The configuration can be utilised to implement the Allreduce collective in a manner as herein described.

Each processing node may comprise memory configured to store an array of data items ready to be exchanged in the reduce scatter phase, wherein each data item is respectively positioned in the array with corresponding data items being respectively positioned at corresponding locations in the arrays of other processing nodes. The array may be a "partial" (a vector of partial results) or a "result" (a vector of fully reduced partials).

The processing nodes may each be programmed to transmit data items in a forwards direction to its adjacent processing node in each ring in the reduce- scatter phase. The data items which may be transmitted in each step are termed a "fragment". A fragment is piece of the vector - as described herein, vectors are divided into fragments to make use of logical rings formed in the embedded rings.

Each array may represent at least part of a vector of partial deltas, each partial delta representing an adjustment to a value stored at each processing node. Each processing node may be programmed to generate the vector of partial deltas in a compute step. Each processing node may be programmed to divide its vector into two sub arrays for respective utilisation of the two embedded rings.

For a better understanding of the present invention to show how the same may be carried into effect, reference will now be made by way of example to the accompanying drawings.

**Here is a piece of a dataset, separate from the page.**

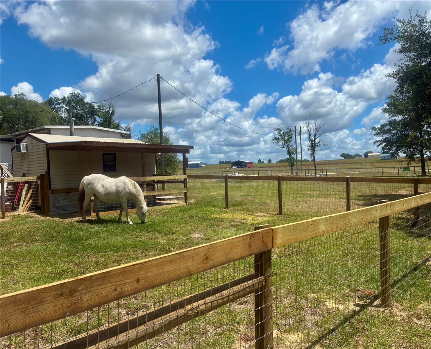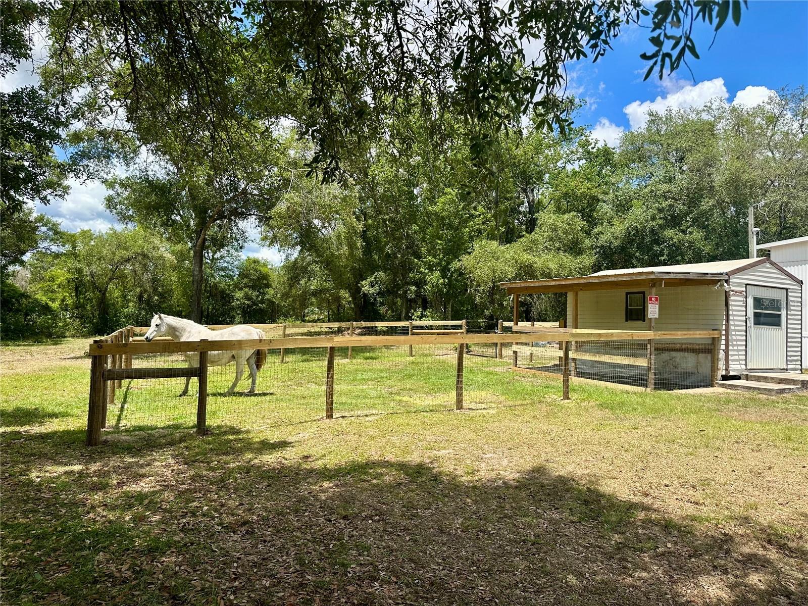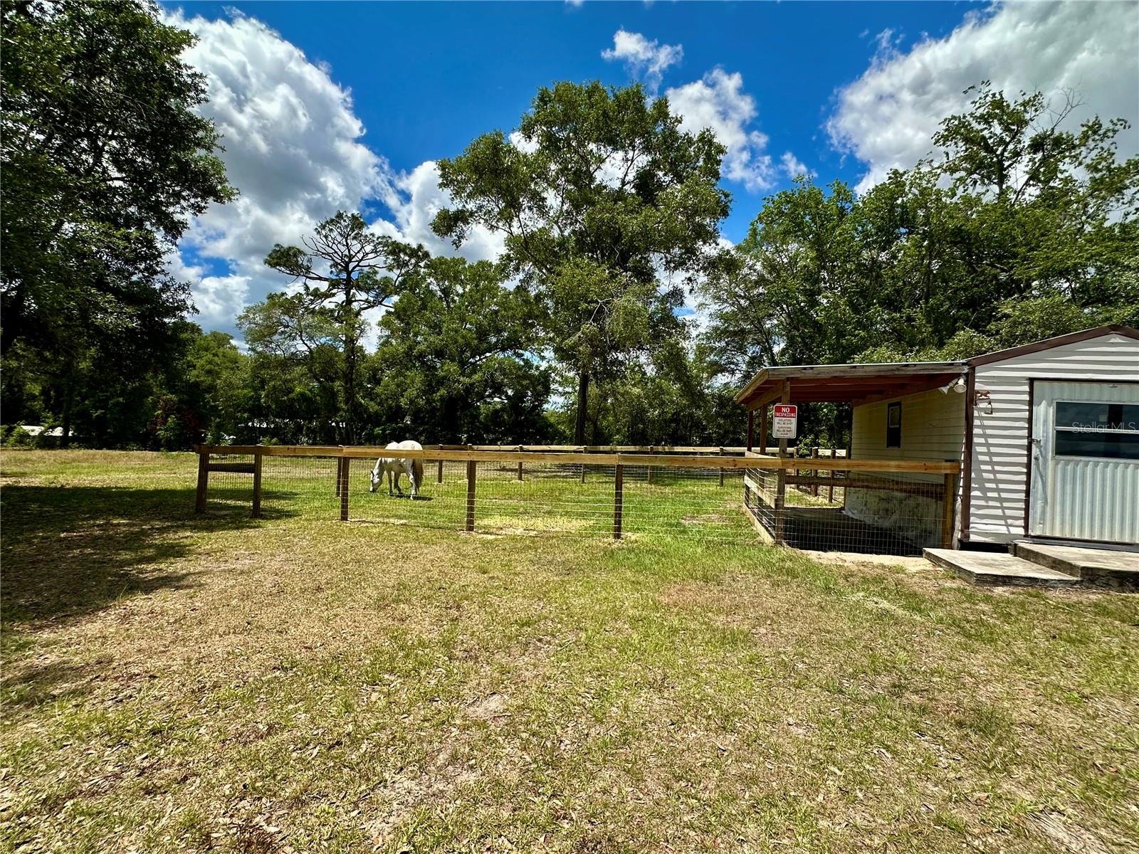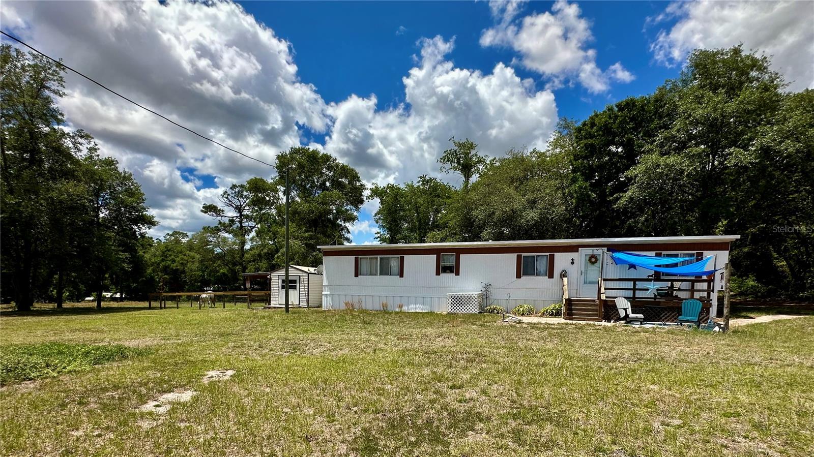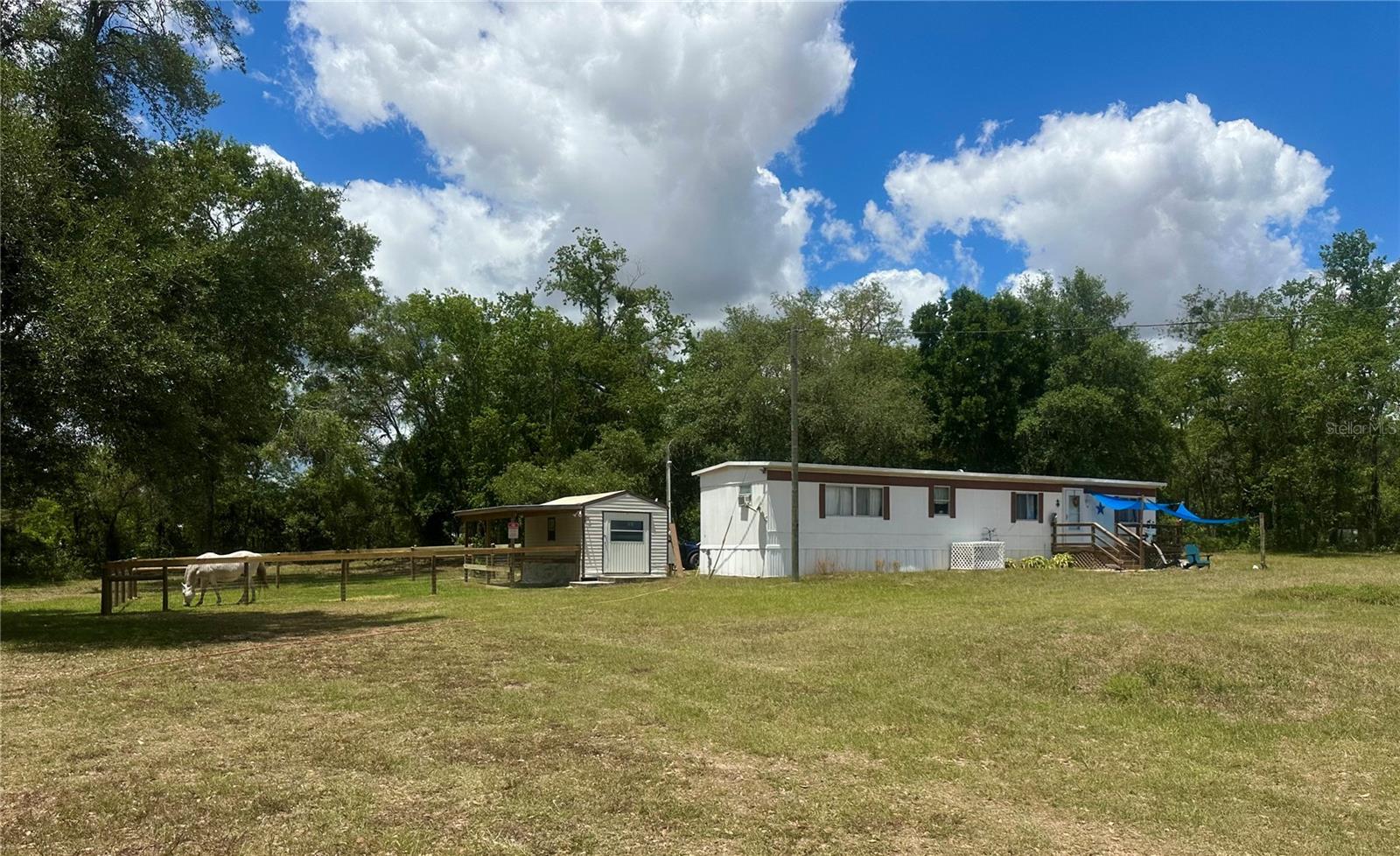 Enjoy peaceful country living just outside the city with this versatile mini farm set on 2.5 fenced, high & dry acres. With No HOA or deed restrictions, this offering allows true freedom of use and ownership. The land includes a solid 2 bedroom, 2 bath mobile home with approximately 840 Sq.Ft. of living space, making it well suited as a primary residence, weekend retreat, or income producing rental. For equestrian use, the acreage is thoughtfully arranged with a large paddock, run in shed, and a flat grassy riding area, offering practical space for horses. In addition, the land includes a chicken coop, fire pit, and a small pond, creating a peaceful outdoor setting for relaxation and enjoyment. The shed on the property equipped with water provides convenient storage for equipment, tack, or tools. Located just 5.7 miles from Goethe State Forest, owners enjoy easy access to miles of scenic horse and ATV trails. The location is approximately 18 miles from the World Equestrian Center and 15 miles from the HITS Horse Show Grounds, offering excellent proximity to major equestrian venues. Beyond its equestrian appeal, the area provides outstanding recreational opportunities, with Rainbow Springs and Devil’s Den just 15 miles away for swimming, kayaking, and outdoor adventure. The Gulf Coast is approximately 23 miles away, while the Atlantic Coast is within 105 miles, making day trips to the beach easily accessible. As an added bonus, this mini farm is currently income producing, with one side of the home operating as an Airbnb, a revenue producing farm stand, and an established Harvest Hosts location for RV renters, offering multiple income streams in a highly desirable Central Florida location. Schedule your private showing today!

Aspects of the present invention have been developed in the context of a multi-tile processor which is designed to act as an accelerator for machine learning workloads. The accelerator comprises a plurality of interconnected processing nodes. Each processing node may be a single multi-tile chip, a package of multiple chips, or a rack of multiple packages. The aim herein is to devise a machine which is highly efficient at deterministic (repeatable) computation. Processing nodes are interconnected in a manner which enable collectives, especially broadcast and Allreduce, to be efficiently implemented.

One particular application is to update models when training a neural network using distributed processing. In this context, distributed processing utilises multiple processing nodes which are in different physical entities, such as chips or packages or racks. That is the transmission of data between the processing nodes requires messages to be exchanged over physical links.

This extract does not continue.